Senator Robinson pointed out quite rightly that there is no provision for the destruction of custody records. There is not. That is also the case today. We have already a form of custody records which will be superseded by that provided for here. There is equally no provision for the destruction of those. However, they are confidential documents, official records, that are not available to the general public. I have a feeling that there may have been some lack of clarity in the debate on the previous occasion. In case there was I should like to point out to Senator Robinson that the custody record itself will not include the record of any interviews that take place during questioning. The custody record will record the fact that an interview took place, will record the names of the gardaí who were present during the course of the interview and will identify the length of each interview. But the record of the interview itself is a separate document.
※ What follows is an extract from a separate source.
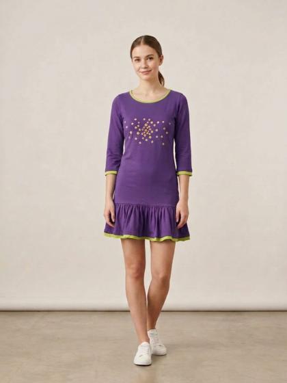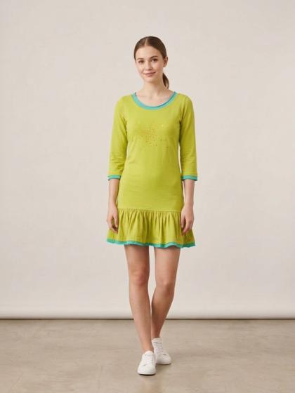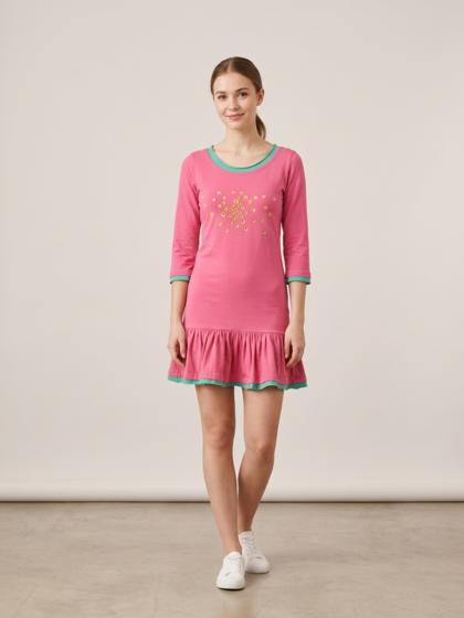 Long-sleeved dress with ruffles in Jersey with tulle perforations to make the garment very youthful and elegant at the same time.

I can understand Senator Honan's concern with the case of a mentally handicapped child or a mentally handicapped person of any age who might not be able to articulate, particularly in the circumstance of being brought into a Garda station. As far as we can do so in the legislation we have provided both the duty and the means for the garda in charge to deal with that situation. I realise there can be difficulties when a person is incapable either of identifying himself or herself or of identifying a parent or guardian or giving the name of a parent or guardian. We have gone as far as we can to anticipate such a problem and the qualification required, that the person dealing with the situation will be one who has had experience of dealing with mentally handicapped persons. If there are further practical steps we can take I would be happy to look at them, and in the light of experience if Senator Honan or anyone else finds cases that need a different approach I will look at them and bring them to the attention of the Garda Commissioner and the Garda in general.
Senator Eoin Ryan asked if the notice of rights would include a reference to the garda in charge. It will. Indeed the notice of rights now given to a person in custody contains such a reference, and any modification we will have afterwards will include a reference to a number of rights that do not arise from anything in these custody regulations. Senator O'Leary returned to "as soon as practicable". We had some little discussion on that earlier, although we are not comparing different formulae I think the phrase "as soon as practicable" is the most appropriate one here.